### PROBLEM TO SOLVE
The printed result should hold only the lines from the opening of the data through the line bearing "- (재)선플재단 감정노동자", exactly as given and without pictures.

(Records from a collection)
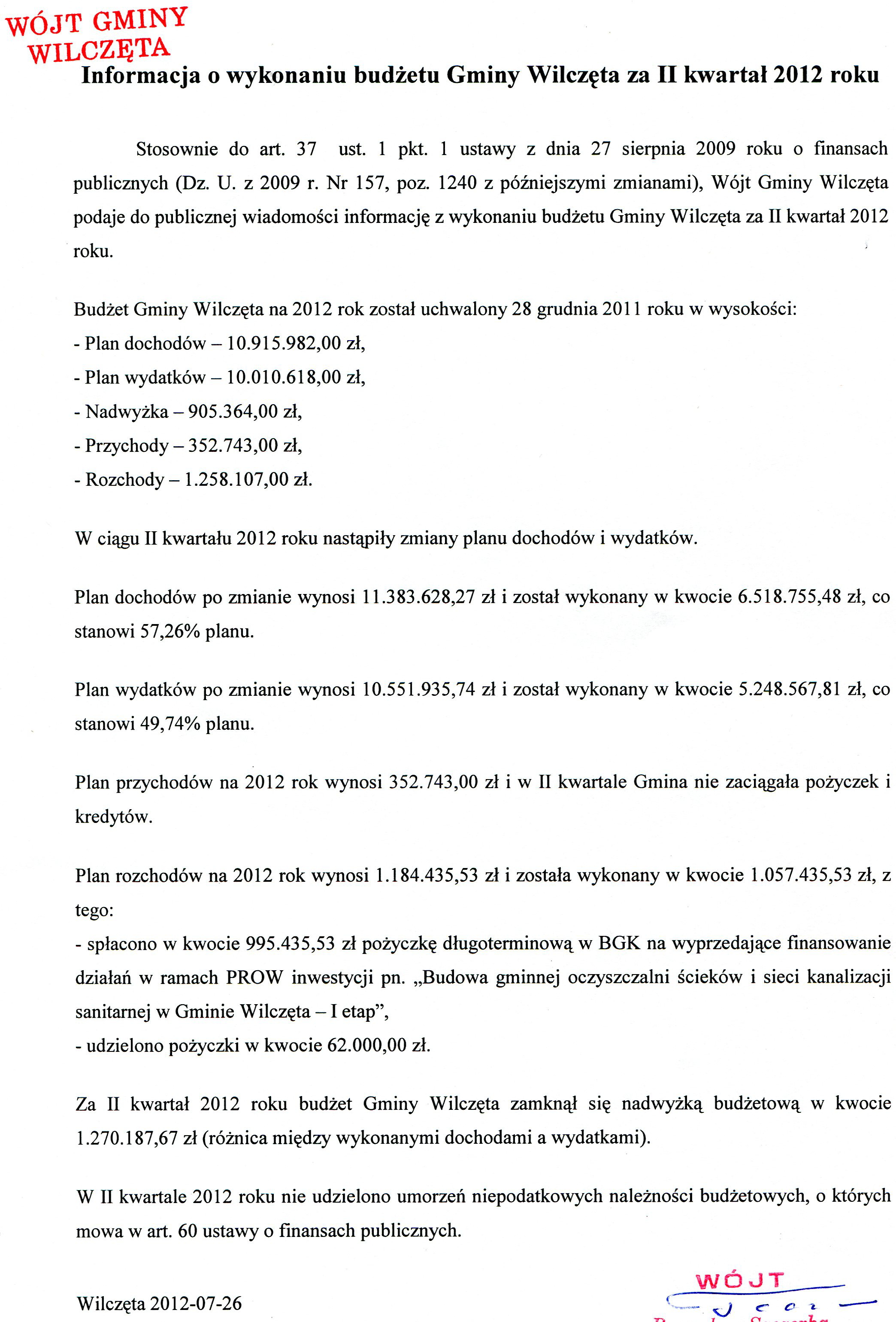 Informacja z wykonania budżetu za II kwartał 2012 roku
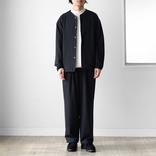 ブラック、チャコールどちらもシックで大人の雰囲気のセットアップ。
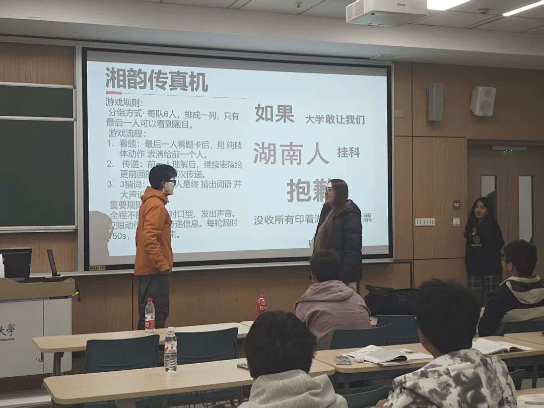 趣味互动环节成为本次活动的一大亮点。“湘韵传真机”游戏中,各族同学分组协作,仅凭肢体动作传递“剁椒鱼头”等湖湘美食词条,现场笑声不断;以湖南特色元素为线索,在推理互动中加深大家对湖湘文化的认知;“抓鸭子”趣味游戏更是点燃全场热情,同学们在轻松愉悦的氛围中感受湖南民俗的鲜活趣味。
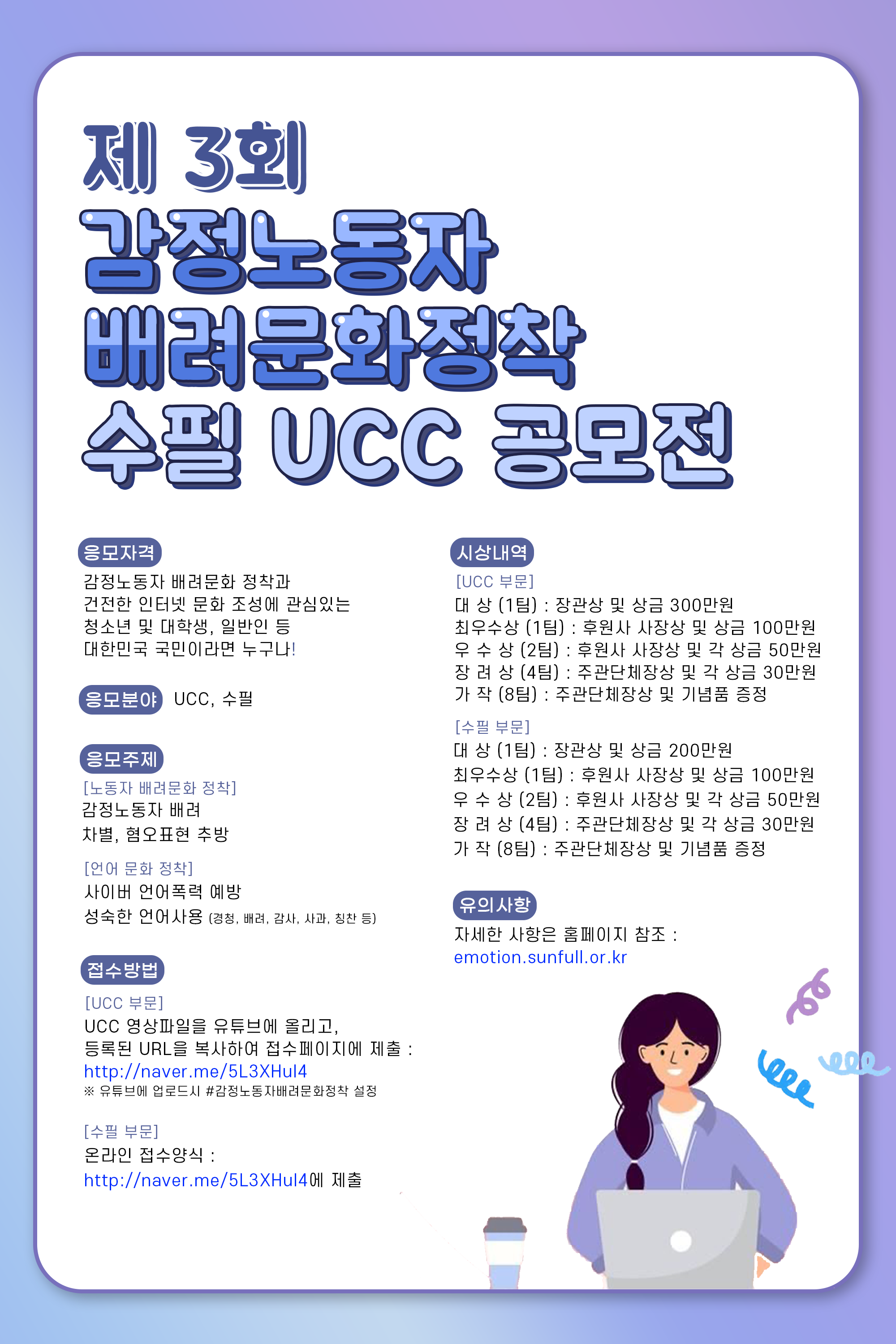 - (재)선플재단 감정노동자 배려문화정착 UCC공모전 담당 ☎ 02-535-3449
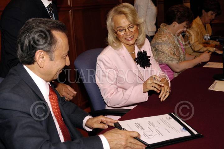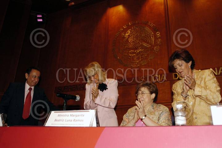 MEXICO, D.F., 245ABRIl2006.- El magistrado Cesar Esquinca, las ministras Olga Ma. Sánchez Cordero, Margarita Beatriz Luna Ramos y Patricia Espinosa, directora del INM, durante la firma de Convenio de colaboración entre el Instituto Nacional de Mujeres y el Instituto Federal de Defensoría Pública, realizada en la Suprema Corte de Justicia de la Nación. FOTO: SCJN/CUARTOSCURO.COM
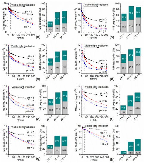 Photodegradation of aqueous solutions of MB (C0 = 10 mg dm–3) was performed under irradiation with visible light (Figure 5). Since pH is one of the most important factors of photodegradation, photocatalytic tests were performed at different pH values (3, 6, and 9).
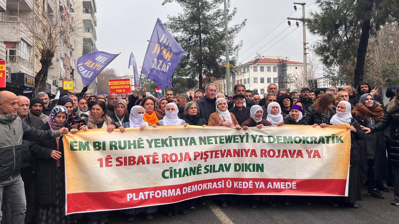 Amed Demokratik Platformlar Kurumu tarafından Diyarbakır’da düzenlenen “1 Şubat Dünya Rojava ile Dayanışma Günü” kapsamında Koşuyolu Parkı’ndaki İnsan Hakları Anıtı önünde toplanan büyük bir kalabalık, Ofis Semti’nde bulunan AZC Plaza önüne doğru yürüyüşe geçti.
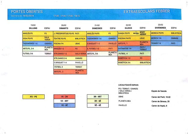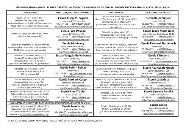 Aquí teniu els horaris de les jornades de portes obertes a totes les escoles de Gràcia:
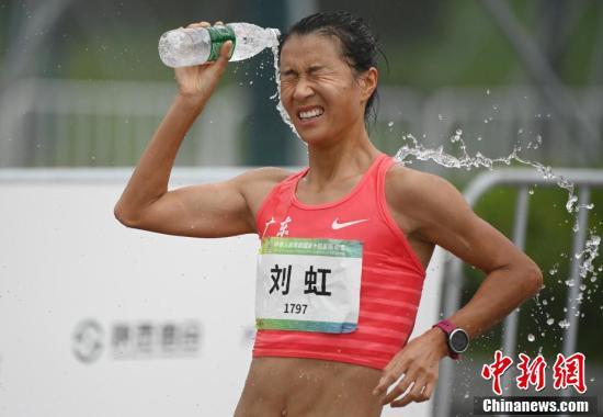 9月24日,陕西西安,第十四届全运会田径女子20公里竞走决赛在雨中进行。内蒙古队选手杨家玉获得冠军,成为全运会两连冠。图为杨家玉在比赛途中补水。 中新社记者 毛建军 摄
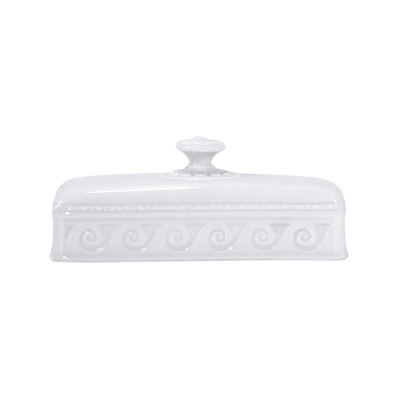 Rectangular covered butter from Louvre collection. The motifs engraved on the pieces that make up this white service create a stylish catalogue detailing the various periods of French architecture from the Renaissance through to the Second Empire which characterize this palace.
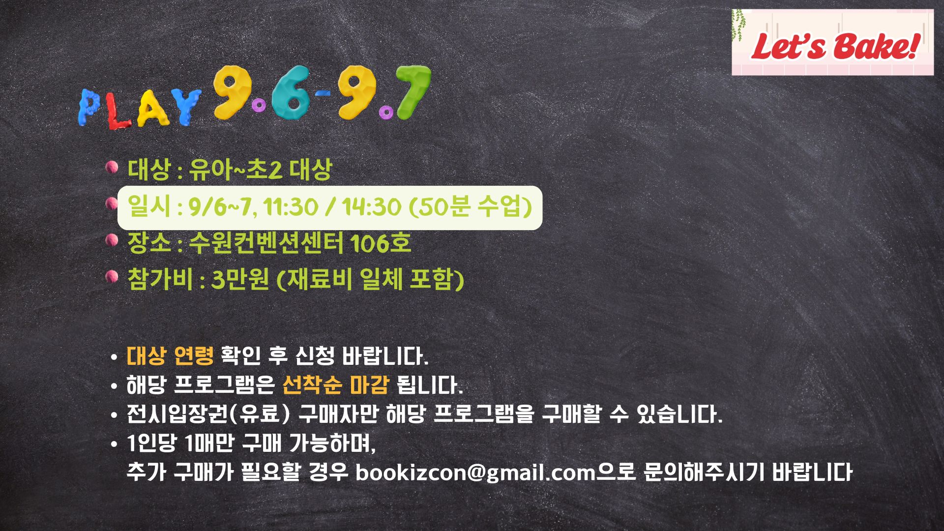 원어민과 함께하는 베이킹 클래스도 좋고 그림책 으로 마음을 보듬는 시간을 아이들에게 선사해 주신후 조금 여유로운 마음으로 북키즈콘을 관람해보시는걸 추천해드려요.
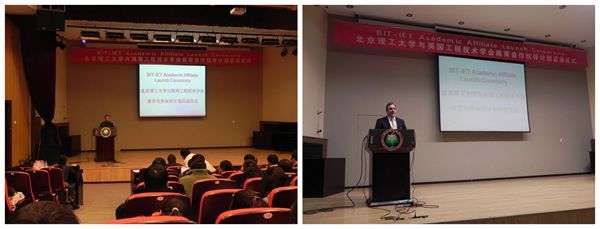 2013年12月2日,金年会jinnianhuicom与英国工程技术学会(IET)教育合作伙伴计划启动仪式在我校7号教学楼一层报告厅隆重举行。出席会议的嘉宾有IET 国际运营总监 Ian Mercer先生、信息与电子学院何遵文副院长、徐晓文副院长。参加会议的还有IET院校合作经理Violet Guo女士、信息与电子学院曾涛教授、刘家康教授、杨小鹏副教授、胡程副教授等我院师生120余人。
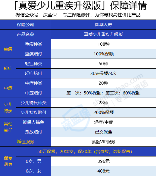 2、国华人寿真爱少儿重疾升级版
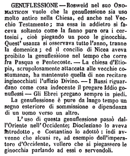 | Genuflessione - Rosweid nel suo Onomasticon vuole che la genuflessione sia uso molto antico nella Chiesa, ed anche nel Vecchio Testamento; ma essa in addietro si faceva soltanto come la fanno pure ora i certosini, cioè piegando un poco le ginocchia. Quest'usanza si osservava tutto l'anno, tranne la domenica; ed il concilio di Nicea aveva proibito la genuflessione nel tempo che corre fra Pasqua e Pentecoste. - La chiesa d'Etiopia, scupolosamente attaccata alle vecchie costumanze, ha mantenuto quella di non recitare inginocchiati l'uffizio Divino. - I Russi riguardano come cosa indecente il pregare Iddio genuflessi - Gli Ebrei pregano sempre in piedi.

### ANSWER TO THIS TASK
 Informacja z wykonania budżetu za II kwartał 2012 roku
 ブラック、チャコールどちらもシックで大人の雰囲気のセットアップ。
 趣味互动环节成为本次活动的一大亮点。“湘韵传真机”游戏中,各族同学分组协作,仅凭肢体动作传递“剁椒鱼头”等湖湘美食词条,现场笑声不断;以湖南特色元素为线索,在推理互动中加深大家对湖湘文化的认知;“抓鸭子”趣味游戏更是点燃全场热情,同学们在轻松愉悦的氛围中感受湖南民俗的鲜活趣味。
 - (재)선플재단 감정노동자 배려문화정착 UCC공모전 담당 ☎ 02-535-3449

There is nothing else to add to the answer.